In the weeks preceding these unfortunate happenings, nations inimical to our security were not just watching, but also drawing their own conclusions. China celebrated the 70th anniversary of its victory over Japan by holding an unprecedented military parade where their latest and most sophisticated weapons systems and arsenal of nuclear ballistic missile capability were on display. This was aimed to convey a message to neighbours, the US and other world powers.
Pakistan's defence minister, Khawaja Muhammad Asif, perhaps enjoying the spectacle playing out at Jantar Mantar, could not resist the temptation of warning that the option of using nuclear weapons was always open to Pakistan and then following this some weeks later by saying that Pakistan was ready for a short or long conflict and will inflict heavy losses on India. The Pakistan army chief followed this up by stating that Kashmir was Pakistan's unfinished agenda.
What we see today is the pent-up frustration of the armed forces that has built up over the decades. What could pass unnoticed in the past is no longer possible in today's information age, and the warts are beginning to show. The above-mentioned instances also show that India's adversaries are drawing their own conclusions. So where do we go from here?

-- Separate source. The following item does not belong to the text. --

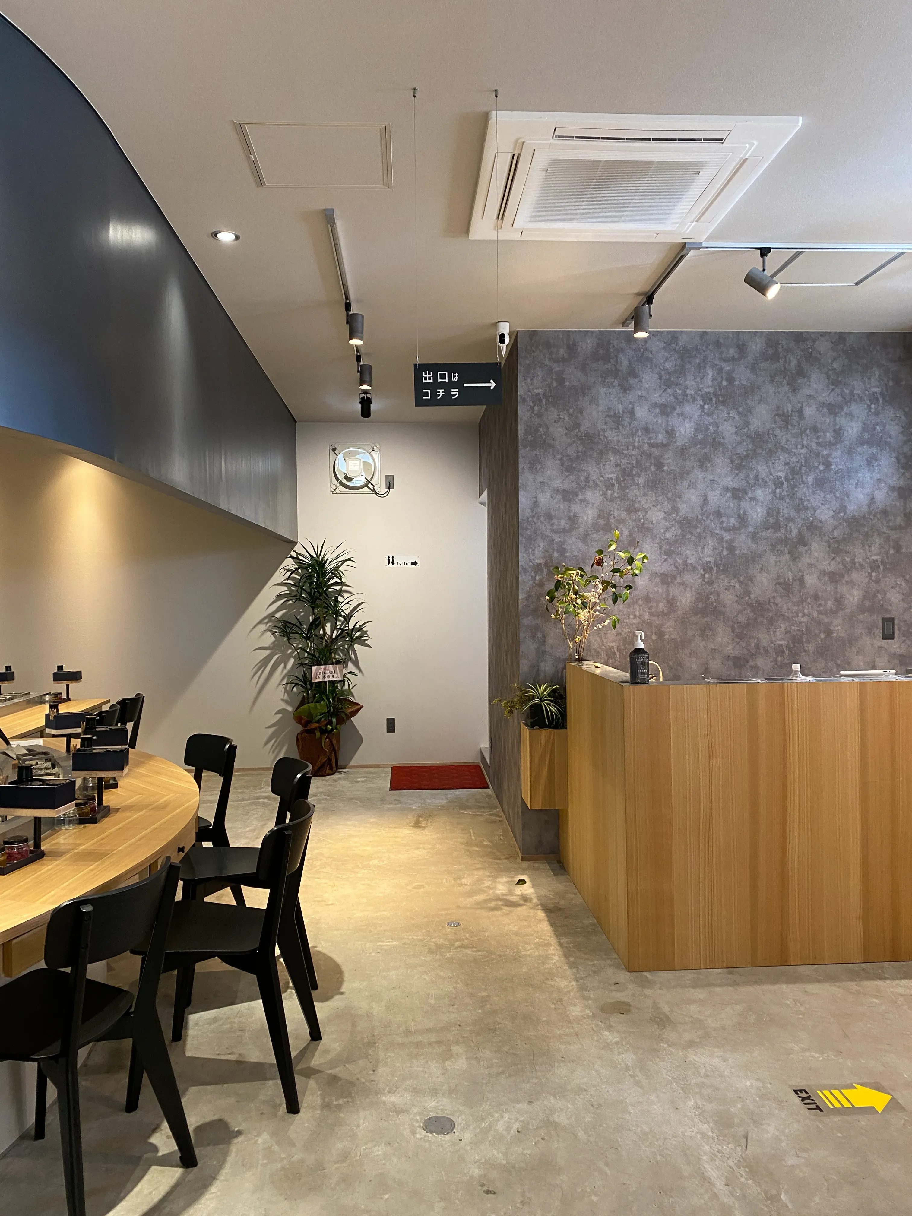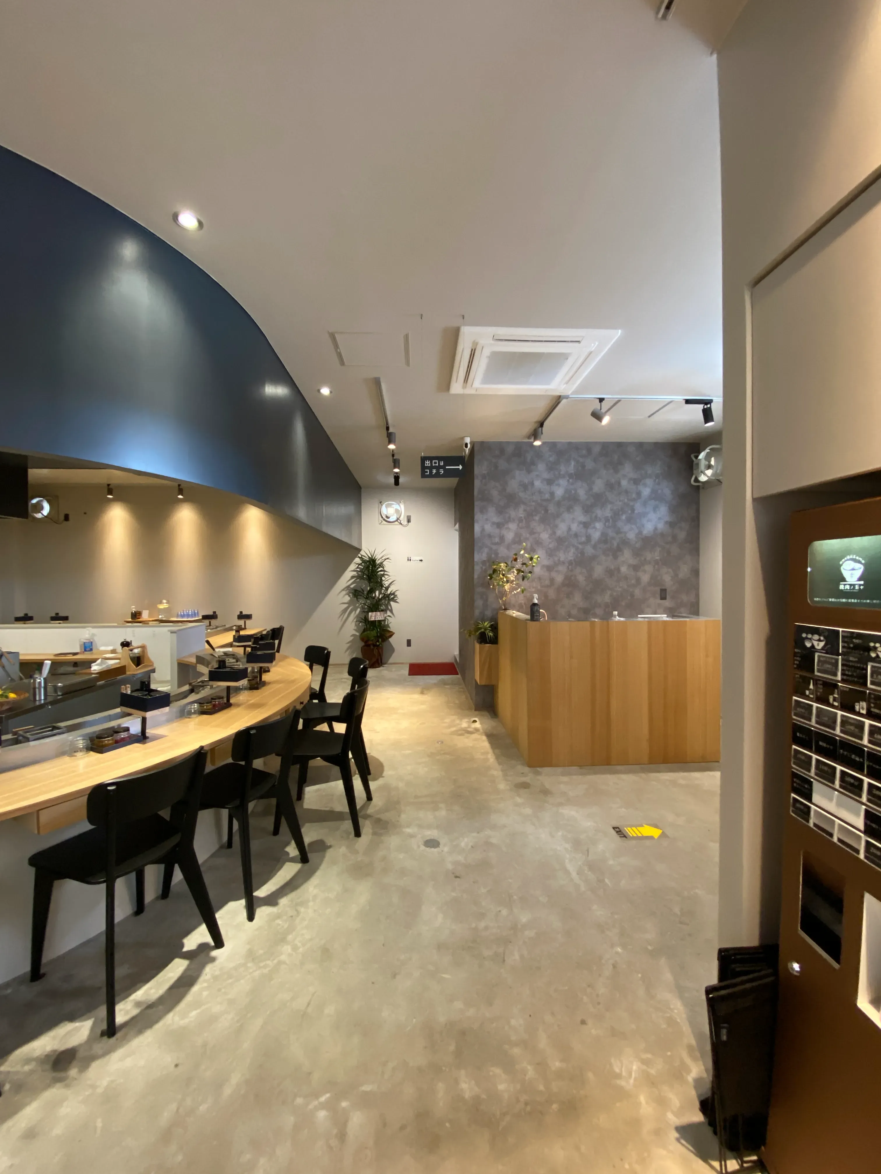 国道9号線沿い、湯田中学校横の炭火焼きハンバーグ店。 お店は舞台。お客様は観客。 待っている時間さえも楽しんでもらいたい。 お施主様のその想いを演出しました。 扉を開けると、香ばしさ漂う。 舞台さながらのRカウンターがお客様をお待ちします。
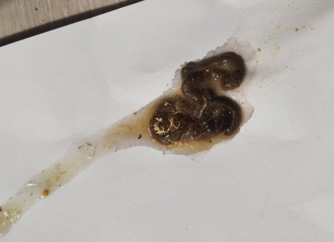 В общем кто-то его вчера точно кормил, потому что помет темного цвета.

Rajeev Chandrasekhar, member of the Rajya Sabha, through his sustained work over nine years in Parliament and with different governments, has majorly contributed to the historic success that the veterans have today achieved. His suggestion that the veteran leadership now choose a path of discussion, and not confrontation, needs to be heard with great respect. But the civil society and the government of India have to question why a vibrant democracy with a thoroughly professional and apolitical military has ended up with a completely shattered civil-military relationship. To them, one can only repeat an appeal that has been made many a time in these columns - that of setting up a blue ribbon commission to look at the entire spectrum of this challenging subject so that the largest democracy can set an example for others to follow.